Actor Ken Jeong is known for his comedic talents, the fact that he was a doctor for many years before he turned his focus to acting and, of course, his famous role in “The Hangover.” What some people might not know is that he’s the father of 11-year-old twin daughters, and that his family life is pretty intertwined with his career.
In honor of the “Dr. Ken” actor’s birthday on Friday, we rounded up some of his sweetest (and obviously most hilarious) family moments.
That time he challenged his daughter Zooey to an acting “face-off” on “Jimmy Kimmel Live.”
While promoting his role in “Penguins of Madagascar” on Kimmel’s talk show, Jeong brought Zooey out and joked that her criticism of his cartoon movie meant she didn’t understand how tough it was to be an actor. (She would later go on to join her dad as an actor on his ABC show “Dr. Ken.”) He challenged her to a “face-off” in which they instantly had to express emotions like “happy,” “sad” and “mad.” The video of the competition, below, has racked up more than 3.2 million views, if you’re wondering how funny it is.
That time he included some Easter eggs in “The Hangover” as a “love letter” to his wife.
In a segment for ABC News, Jeong and his wife, Tran Ho, who is also a doctor, discussed their experience after she was diagnosed with breast cancer. Their twin daughters, Zooey and Alexa, were just a year old. While his wife was undergoing chemotherapy, Jeong was filming “The Hangover,” which would become a hit.

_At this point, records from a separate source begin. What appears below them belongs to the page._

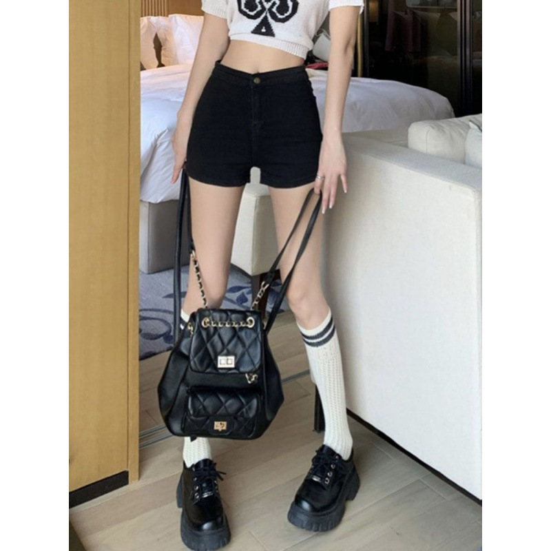 Джинсовые шорты для женщин, модные весенние 2025, новые, высокая талия, обтягивающие, черные, микроэластичные, закрывающие бедра, короткие.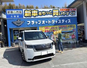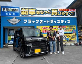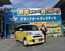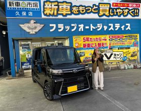 下松市 S様タントカスタム納車です🌟ターボなので加速が楽ちん!どこへでも行けちゃいそう💖両側も電動スライドドアなので荷物の乗せおろしも安心!これから沢山色んな所へ行かれてくださいね🍀 |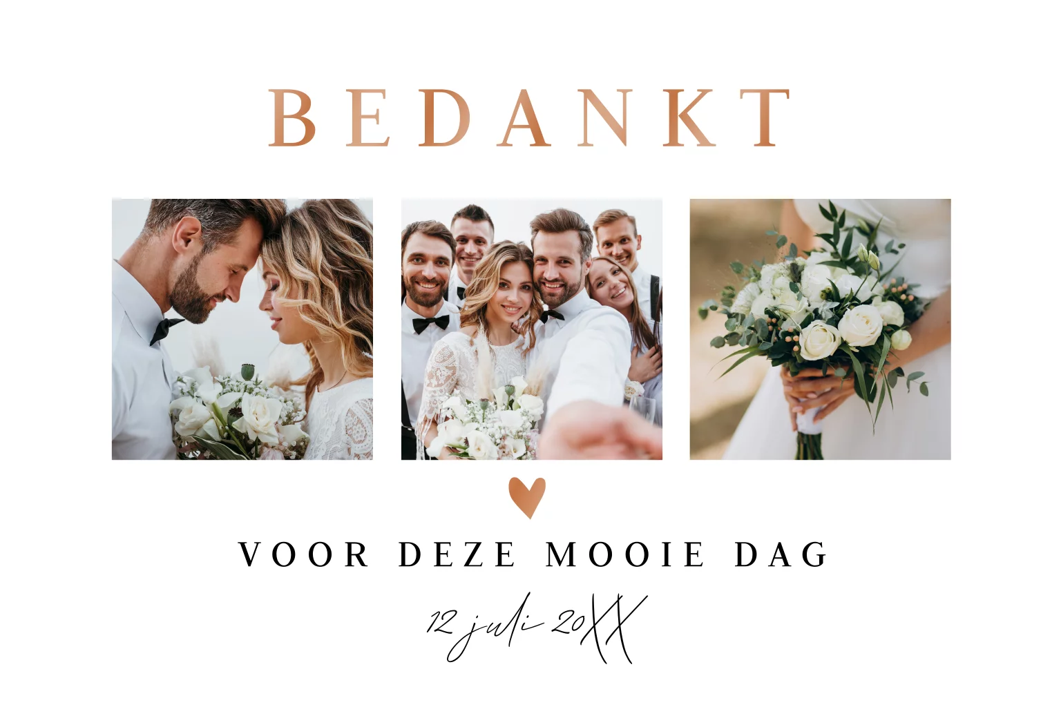 Bedankkaart huwelijk wit met fotocollage en hoogglans. Laat jullie bruiloftsgasten weten hoe geweldig de bruiloft was met deze stijlvolle bedankkaart!

When ABC News’ Amy Robach asked what it was like filming a comedy during such a dark time for his family, the Korean-American actor revealed that he included phrases in Vietnamese throughout “The Hangover” as “inside jokes” that he knew would make Ho, who is Vietnamese-American, laugh during her cancer battle.
“It’s like the weirdest love letter to your wife, in a very filthy movie,” he said with a laugh.
That time he gave a shout-out to Ho during his MTV Movie Award acceptance speech.
In 2010, Jeong won an MTV Movie Award for “Best WTF Moment” in “The Hangover.” In his acceptance speech, he tearfully shared the advice Ho gave him before he took on the role.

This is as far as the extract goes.